News of the disaster, for there were six ships involved altogether including an Aircraft Carrier, percolated through the local planter population who arrived with clothes and comforts. The sarong in which the good missionary had covered my almost complete nakedness – a sarong carrying the unfortunate label "Made in Japan" was reinforced by a very beautiful silk shirt only a few sizes too big for me (and labelled "Made in Italy"), and a pair of large brown shoes with no laces and a vacant stare about the toecaps. An ambulance train was ordered and from Batticolea we steamed across country to Colombo. Arriving at about 2.0am, a fellow Corvette officer and myself were hurried to St. Mary’s. Unfortunately the driver assumed, quite naturally, that the military hospital of that name was our destination, but being accused of being drunk and disorderly by a startled night sister on our arrival, it occurred to us that perhaps St.Mary's the Officer's mess was more the order of the day:.
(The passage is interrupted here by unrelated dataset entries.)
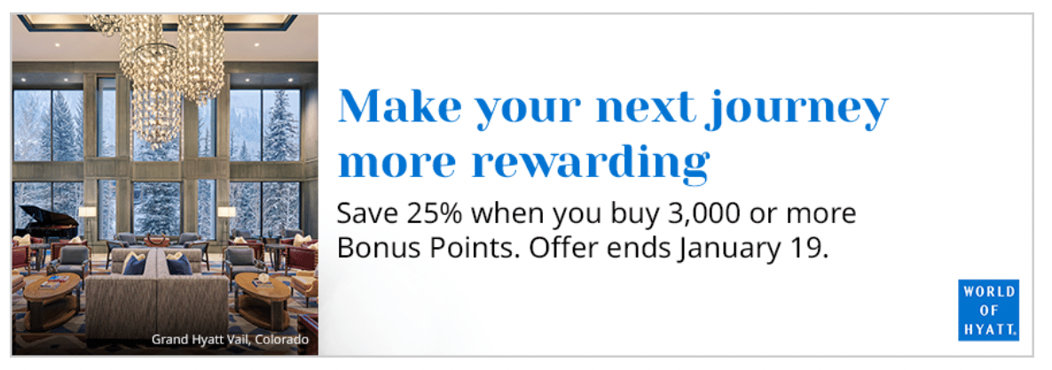 World of Hyatt is offering a discount on points purchases until January 19, 2023. You’ll get a 25% discount when you buy at least 3,000 points.
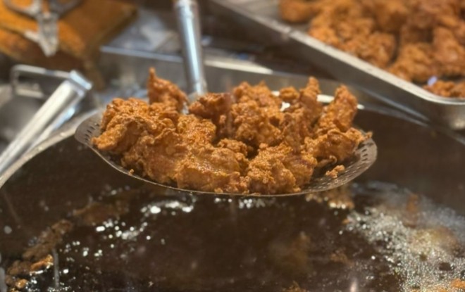 庄上一品爆汁炸鸡做出的炸鸡外皮金黄酥脆,内里鲜嫩多汁,咬一口便“爆汁”四溢。咬上一口,表皮酥脆,每一口都是喳喳作响,里面的肉嫩得出汁,散发着浓浓的新鲜鸡肉香味。
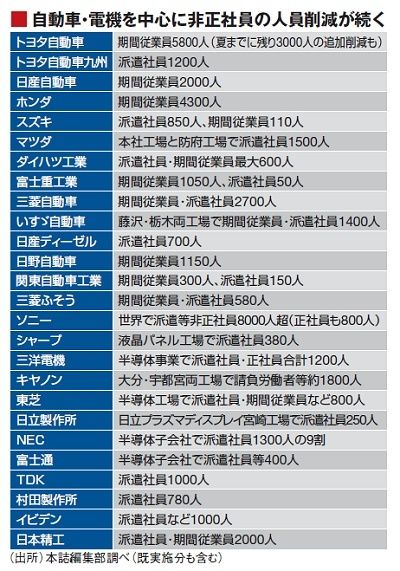 製造業で働く派遣・請負労働者40万人が3月までに失業する--。1月27日の自民党・労働者派遣問題研究会で、製造派遣・請負の業界2団体は衝撃的な見通しを明らかにした。
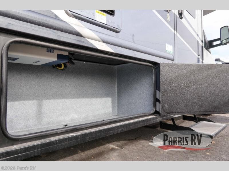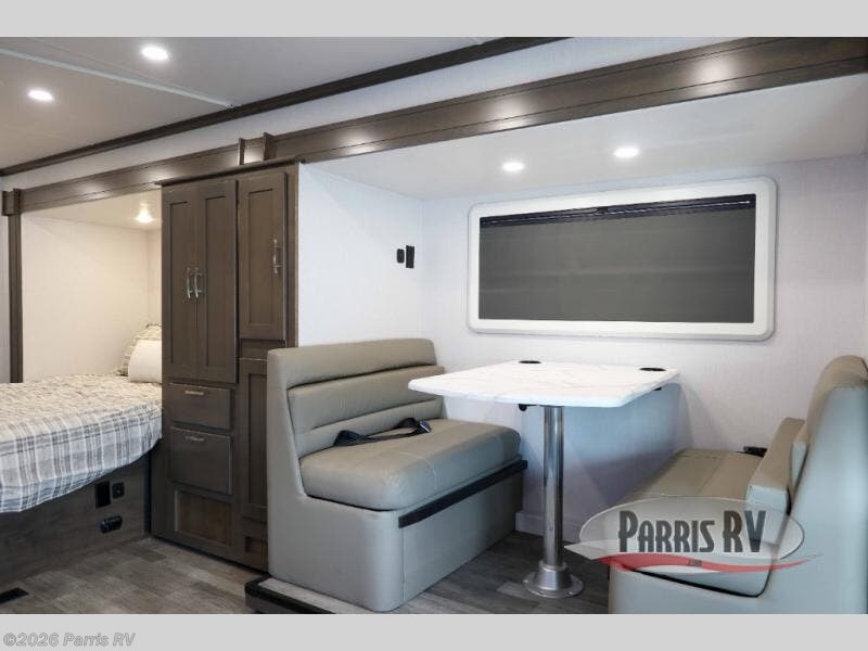 Take this motorhome on your greatest adventures yet! Start each morning feeling well rested after sleeping on the corner queen bed then head to the rear corner bathroom to freshen up in the shower with an Oxygenics body spa RV shower head and a skylight above for added headroom and natural lighting. Now that you're ready for the day, you can grab some eggs from the 8 cu. ft. two-door compressor-driven refrigerator and fry them up on the three burner cooktop, then enjoy them at the booth dinette. The kitchen also has a countertop extension for more meal prepping space and a convection microwave. This unit also includes a living room 32" LED Smart TV and a 32" LED smart TV across from the bed. You could even switch things up by replacing the booth dinette with an optional 3-seat power recliner, and adding a cab over bunk option!

However, hospital routine being what it is, we couldn't leave until we had been officially discharged by the MD next morning. Eventually, still in Sarong and shirt and brown shoes I made my report to the Naval Offices and was given £10 to kit myself up! And a fortnights leave in the hills as soon as the paper work, checking lists of survivors, claims for kit and so on had been completed. Incidentally, starting from scratch to clothe oneself from top to toe including vital accessories such as tooth brushes and razors is a most hopeless task - and £10 a pretty hopeless sum. My journey to Diatalawa was by an extraordinary and quite self-chosen route. I flew in a Swordfish piloted by a friend in the Naval Air Arm from Colombo racecourse Trincomaleo.
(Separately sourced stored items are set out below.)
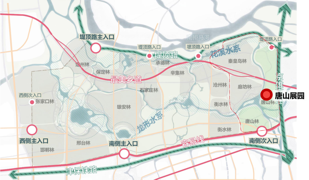 唐山展园位于雄安新区起步区南北中轴线上,属于雄安郊野公园东部展区的十四大展园之一,唐山展园东侧紧邻京雄高速,西邻郊野公园一级园路,占地面积约45.7亩。项目重点研究唐山发展历史、工业成就、地域文化等城市人文及唐山特色乡土植被,以“英雄城市,绿色唐山”为主题定位,结合植物配置、水系及地形营造、本土材料等多要素的景观形式,全方位诠释唐山的城市精神,立体化展示生态文明建设的成就 。
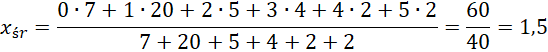 Podaj średnią arytmetyczną otrzymanych danych, posługując się tabelką oraz wiedząc, iż sondaż przeprowadzono w grupie 40 uczniów.
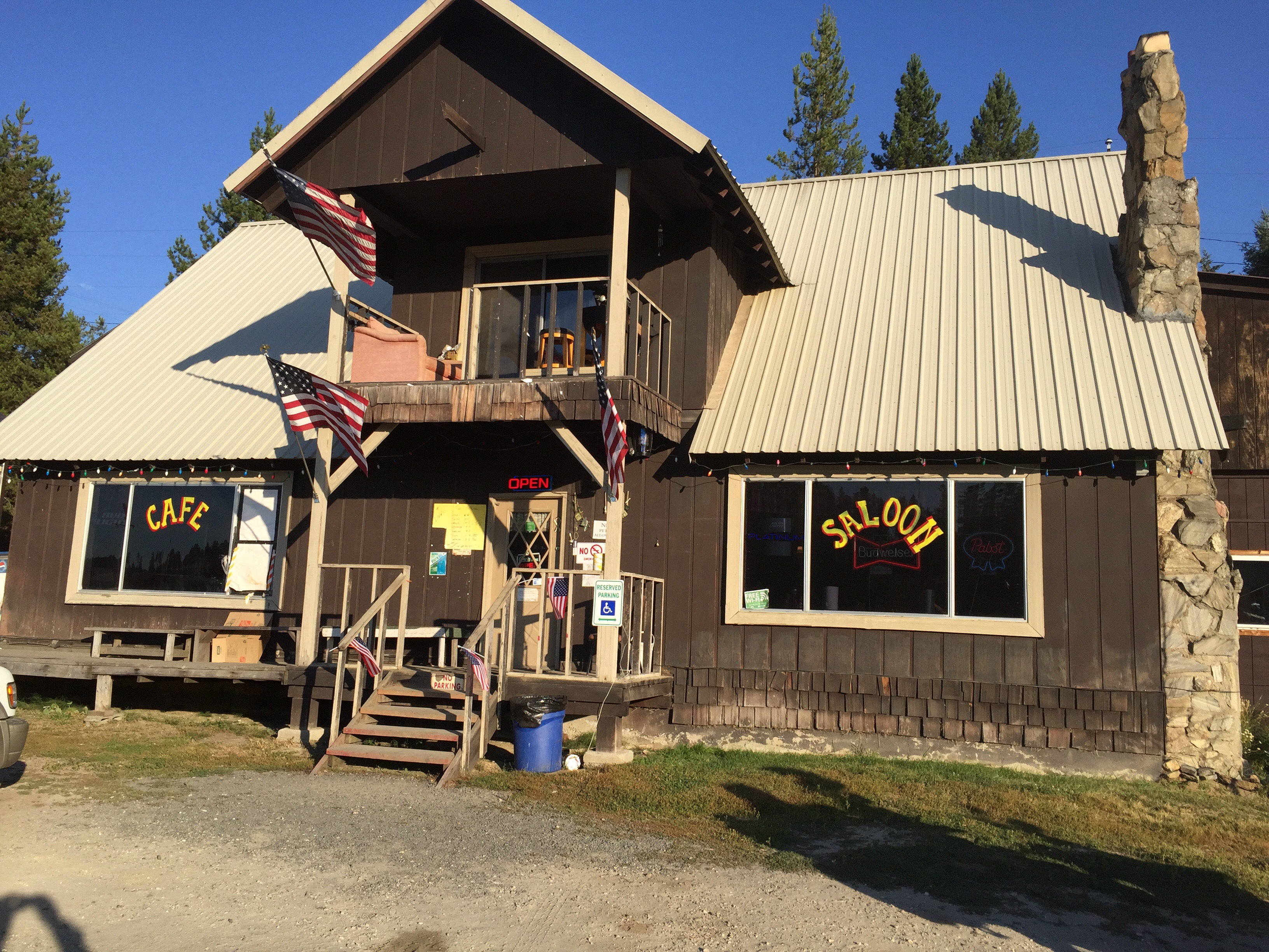 After a few more hours riding along the river we made it into Elk City. We stopped for fuel and food at the saloon where we met bartender Chris from New York. Luckily we caught steak night.

Morbid curiosity inspired me for we had left Trinco the evening before the sinking, to escape, ironically enough the air raid withwhich the harbour was threatened and which as it turned out was very severe. After a night in the R.A.F. mess I entrained for Diatalawa, a most complex journey of the kind that Bradshaw enthusiasts might enjoy but few others. Arrived, after a day and a half during which I had found myself entertained at dinner by the Colonel of a regiment stationed at Bandarawella who was full of plans for evacuation, at the Hill Camp I found my summons to return to Colombo to join H.M.S. Atmosphere awaiting me. Knowing nothing either of the ship nor of her destination, my feelings were despondent but not yet despairing. Back in Colombo next day I discovered the worst - a converted Norwegian whaler fitted out as a L.L. Minesweeping trawler bound for the Persian Gulf. I tried, in vain, to have the appointment reconsidered but tiffin and siestas and such uninterruptable events came between me and the Atmospheres sailing which was virtually immediate and involved a small convoy as far as Bombay. With, I am afraid, a very ill grace, I took over from my predecessor, an Australian Lieutenant bound for home who had quite enough of the P.G.[Persian Gulf]- for the Atmosphere was only about to rejoin her station and was not a newcomer to it. And so we sailed, I as First Lieutenant and

Jack Falwasser, a Lieutenant RNR as Captain: it was six months since I had left Greenock in the Hollyhock, it was to be over two years more before a Dakota landed me at Hendon almost on the event of D. Day. The Atmosphere was a converted Norwegian Whaler originally named, somewhat cryptically, COS XI. Designed for harpooning and towing whales she used to work in the Åntarctic with a group of similar boats operating with a whale factory ship. It is very cold in the Antarctic. Oil burning with a cigarette funnel she drew about 12 feet and looked for all the world as if she was mounted on rockers: her freeboard at its worst was barely 2 ft: and her attitude to bad weather was simply to take it all on board and rock it off as she re-appeared. She was steel throughout with no wooden decks and her accommodation was negligible. The Captain had a cabin abaft and on the level of the bridge on the Port side - about a 6 foot cube - there was a wardroom below the bridge and on the upper deck which accounted for the starboard half of the bridge structure while the galley accounted for the port half. The Wireless cabin occupied the opposite position to the Captain's cabin.”